Open blairfrandeen opened 1 year ago
I'm going to use this as an exercise to systematically dig through the code and make sure that I understand every bit of it. The first thing I need to drill through my head for nom
is IResult
. I copy code here from the nom documentation to help me understand it.
pub type IResult<I, O, E=(I, ErrorKind)> = Result<(I,O) Err<E>>;
First off I is for Input and O is for Output. This means that the results I get from a parser will always return what remains of the input (I), followed by what the parser found (O). This is a type alias. If no Error (E) is specified, then the error returned will be of type I, and an ErrorKind
specified by the parser function.
I'm also starting to understand the form in which parsers are written, and that they rely heavily on the ?
operator, which as I understand it returns Ok
if it passes and otherwise lets the function throw an error. A typical short parser is written as:
use nom::{bytes::complete::tag, IResult};
fn main() {
println!("{:?}", abc_tag("abcdef"));
}
fn abc_tag(input: &str) -> IResult<&str, &str> {
let y1 = tag("abc");
let (input, output) = y1(input)?;
Ok((input, output))
}
Running this program prints
Ok(("def", "abc"))
The remaining input "def" is returned along with the tag that was matched "abc". Calling instead abc_tag("defglol")
yields:
Err(Error(Error { input: "defglol" code: Tag }))
Kind of cryptic, and I don't understand why it's all so deeply nested.
Let me back up just a second and see if I can't understand why I'm so reliant on the ?
operator. Let me try keeping it all in main()
:
fn main() {
let p1 = tag("abc");
let r = p1("abcdef");
println!("{:?}", r);
}
Running this gives the following error:
error[E0283]: type annotations needed
--> src/main.rs:4:14
|
4 | let p1 = tag("abc");
| ^^^ cannot infer type of the type parameter `Error` declared on the function `tag`
|
= note: multiple `impl`s satisfying `_: ParseError<&str>` found in the `nom` crate:
- impl<I> ParseError<I> for ();
- impl<I> ParseError<I> for (I, nom::error::ErrorKind);
- impl<I> ParseError<I> for VerboseError<I>;
- impl<I> ParseError<I> for nom::error::Error<I>;
note: required by a bound in `nom::bytes::complete::tag`
--> /home/blair/.cargo/registry/src/github.com-1ecc6299db9ec823/nom-7.1.1/src/bytes/complete.rs:32:29
|
32 | pub fn tag<T, Input, Error: ParseError<Input>>(
| ^^^^^^^^^^^^^^^^^ required by this bound in `nom::bytes::complete::tag`
help: consider specifying the type arguments in the function call
|
4 | let p1 = tag::<T, Input, Error>("abc");
| +++++++++++++++++++
I find that I always freeze up and go looking for another solution when I run into this. However, I think this is because Rust doesn't know that I have the secret IResult
weapon in my pocket. Changing the errant line to
let r: IResult<&str, &str> = p1("abcdef");
fixes the problem and gives me the same result I had before.

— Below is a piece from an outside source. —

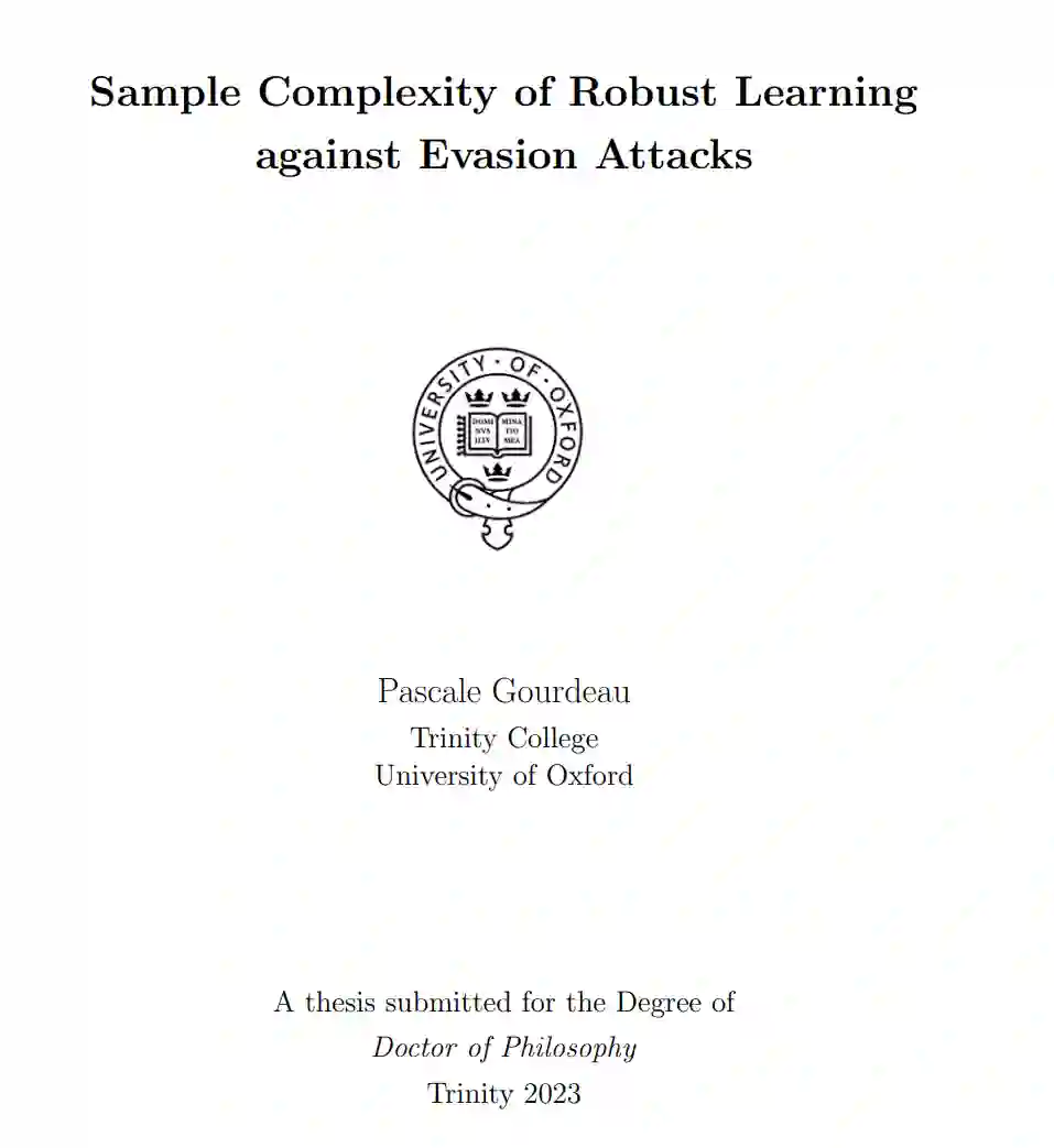 机器学习模型对抗性攻击的脆弱性的理解日益重要。在对抗性机器学习中,一个基本问题是在存在所谓的规避攻击的情况下量化需要多少训练数据,其中数据在测试时会被损坏。在本论文中,我们采用了“球内精确性”概念,从学习理论的角度研究了对抗性鲁棒学习的可行性,考虑样本复杂性。我们首先得出了两个负面结果。我们证明,在无分布设置下,任何非平凡的概念类都不能在对手能够扰动单个输入位的情况下得到鲁棒学习。然后,我们展示了样本复杂性的下界:单调合取的类以及布尔超立方体上的任何超类,其样本复杂性至少是对手预算(即每个输入上可以扰动的最大位数)的指数函数。特别地,这意味着在均匀分布下,不能对那些可以扰动输入的 ω(log n) 位的对手进行鲁棒学习。

I like this better, but it's actually not what the compiler suggested. Another way to fix the problem is
let p1 = tag::<&str, &str, nom::error::Error<&str>>("abc");
Although I prefer the first method.
Looking again at the code from the link above, I find this worthy picking apart and trying to understand.
fn parse_scalar(input: &str) -> IResult<&str, u32> {
map_res(
recognize(
many1(
one_of("0123456789")
)
),
|out: &str| {
out.parse()
}
)(input)
}
I keep running into the following with nom
: How to parse a string of digits into a number? It seems like it should be easy. In regular Rust it's "123".parse::<i32>().unwrap()
and it tends to work fine--so why so many lines for the section above?
It seems that the same function could just as well be written
use nom::character::complete::i32;
i32("123")
What bothers me the most about the implementation above is that it doesn't handle negative numbers, and it's not clear to me from the puzzle input the negative numbers aren't allowed. Both this and the other solution I've looked at seem to have hard-coded the digits 0 through 9, which makes me wonder if I'm really missing something.
I'm stuck on day 13. I found a beautiful solution. I think I need to let go of the ego idea that I can solve day 13 by myself and instead make use of my time by studying this one as deeply as I can, and then see if I can replicate it once I've really grokked it.
I have been struggling to get
nom
to work for me. I'm convinced one needs to study a course innom
for at least a month before it can be made usable. But this solution is so functional, I really like it.The first thing I notice that I've been missing is the following block:
So this isn't the
Rc<T>
that I suspected I need---and it's a part of Rust that I really don't know how to use yet.